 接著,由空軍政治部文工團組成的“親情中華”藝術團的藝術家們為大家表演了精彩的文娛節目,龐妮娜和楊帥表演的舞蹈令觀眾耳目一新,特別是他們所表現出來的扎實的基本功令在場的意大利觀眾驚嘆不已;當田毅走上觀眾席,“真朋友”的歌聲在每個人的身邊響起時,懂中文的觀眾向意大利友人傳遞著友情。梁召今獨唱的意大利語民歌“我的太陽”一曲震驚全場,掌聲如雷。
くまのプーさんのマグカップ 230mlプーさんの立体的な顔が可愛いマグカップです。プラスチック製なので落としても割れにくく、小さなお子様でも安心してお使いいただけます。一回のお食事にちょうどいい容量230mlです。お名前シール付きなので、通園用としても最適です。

==

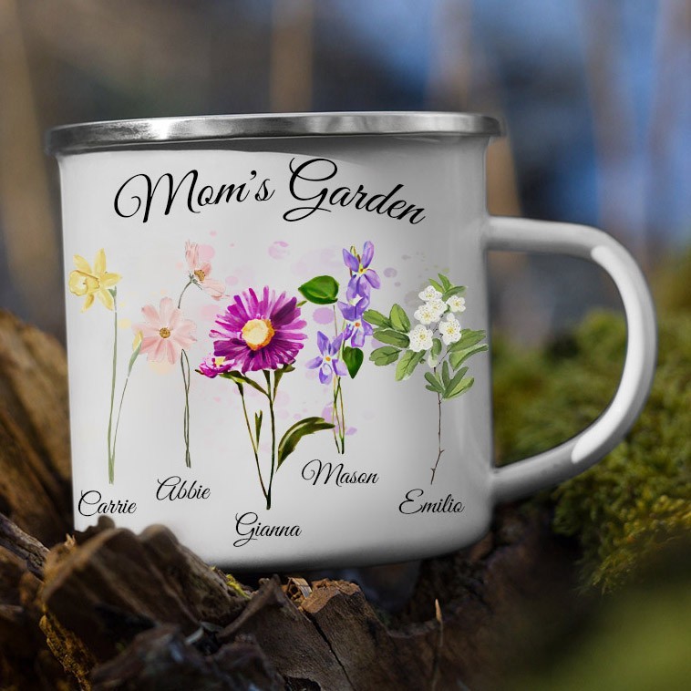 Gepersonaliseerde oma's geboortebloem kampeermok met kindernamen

**EXERCISE:** Copy out the range of lines above starting at the line with "接著,由空軍政治部文工團組成" and ending at the line with "くまのプーさんのマグカップ 230mlプ", exactly and including both.

**EXPECTED OUTPUT:**
 接著,由空軍政治部文工團組成的“親情中華”藝術團的藝術家們為大家表演了精彩的文娛節目,龐妮娜和楊帥表演的舞蹈令觀眾耳目一新,特別是他們所表現出來的扎實的基本功令在場的意大利觀眾驚嘆不已;當田毅走上觀眾席,“真朋友”的歌聲在每個人的身邊響起時,懂中文的觀眾向意大利友人傳遞著友情。梁召今獨唱的意大利語民歌“我的太陽”一曲震驚全場,掌聲如雷。
くまのプーさんのマグカップ 230mlプーさんの立体的な顔が可愛いマグカップです。プラスチック製なので落としても割れにくく、小さなお子様でも安心してお使いいただけます。一回のお食事にちょうどいい容量230mlです。お名前シール付きなので、通園用としても最適です。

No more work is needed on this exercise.